Differential equations are mathematical equations that relate a function to its derivatives. In other words, they describe the relationship between changing quantities.
These equations are essential in modeling various physical phenomena such as heat transfer, sound waves, and even financial markets.
In our exercise, the differential equation is \(y'' - 2y' = 1 + \delta(t-2)\), which involves second and first derivatives.

• \(y''\) represents the second derivative of function \(y\) with respect to time \(t\), indicating acceleration or curvature.
• \(y'\) represents the first derivative, signifying velocity or slope.

The goal is often to find the function \(y(t)\) that satisfies the equation, addressing how \(y\) changes over time.

An initial value problem for differential equations involves finding a solution that additionally satisfies specific conditions at the starting point (initial time).
For our problem, the initial conditions given are \(y(0)=0\) and \(y'(0)=1\). These specify the state of \(y\) and its rate of change at time \(t=0\).

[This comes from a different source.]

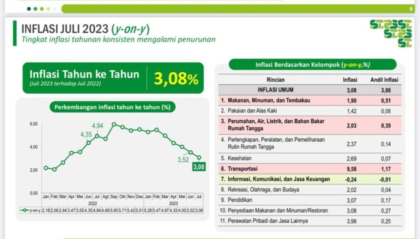 Berdasarkan rilis Badan Pusat Statistik (BPS) yang dipublikasikan Selasa (1/8/2023), capaian inflasi year on year (YoY) pada Juli 2023 sebesar 3,08 persen. Angka ini mengalami penurunan dibanding inflasi YoY bulan Juni 2023 yang sebesar 3,52 persen.

• The condition \(y(0)=0\) means that at the initial time \(t=0\), the value of the function \(y\) is 0.
• \(y'(0)=1\) indicates that the rate of change of \(y\) at \(t=0\) is 1, essentially informing us about the initial velocity.

The initial conditions are crucial because they help determine the unique solution to the differential equation. Without these, multiple solutions could fit the equation.

Partial fraction decomposition is a technique used to simplify complex rational expressions by breaking them into simpler terms. This is especially useful in inverse Laplace transform calculations.
To solve the exercise, we decompose \(\frac{1}{s(s-2)}\) into simpler fractions:

• We write it as \(\frac{A}{s} + \frac{B}{s-2}\).
• Determine the constants \(A\) and \(B\) by comparing coefficients or substituting convenient values for \(s\) to solve the system.

In this case, \(A = \frac{1}{2}\) and \(B = -\frac{1}{2}\), thus:\(\frac{1}{s(s-2)} = \frac{1}{2s} - \frac{1}{2(s-2)}.\)This decomposition allows us to easily find the inverse Laplace transform of the expression, as each separate term corresponds to a known transform.

The inverse Laplace transform converts a function from the Laplace domain back to the time domain. It's the reverse process of the Laplace transform and allows us to reconstruct the original function from its transformed counterpart.
In our solution:

• We have several terms like \(\frac{1}{2}L^{-1}\{\frac{1}{s}\}\) that correspond to inverse transforms.
• \(L^{-1}\{\frac{1}{s}\} = 1\) represents a constant solution in the time domain.
• \(L^{-1}\{\frac{1}{s-2}\} = e^{2t}\), indicating an exponential growth.

The shift theorem applies where we have terms like \(e^{-2s}\). This results in shifting the resulting function in time, such as modifying the argument to \(e^{2(t-2)}\) with the unit step function \(u(t-2)\). By utilizing these known transforms, we reconstruct \(y(t)\), providing the precise solution to the initial problem.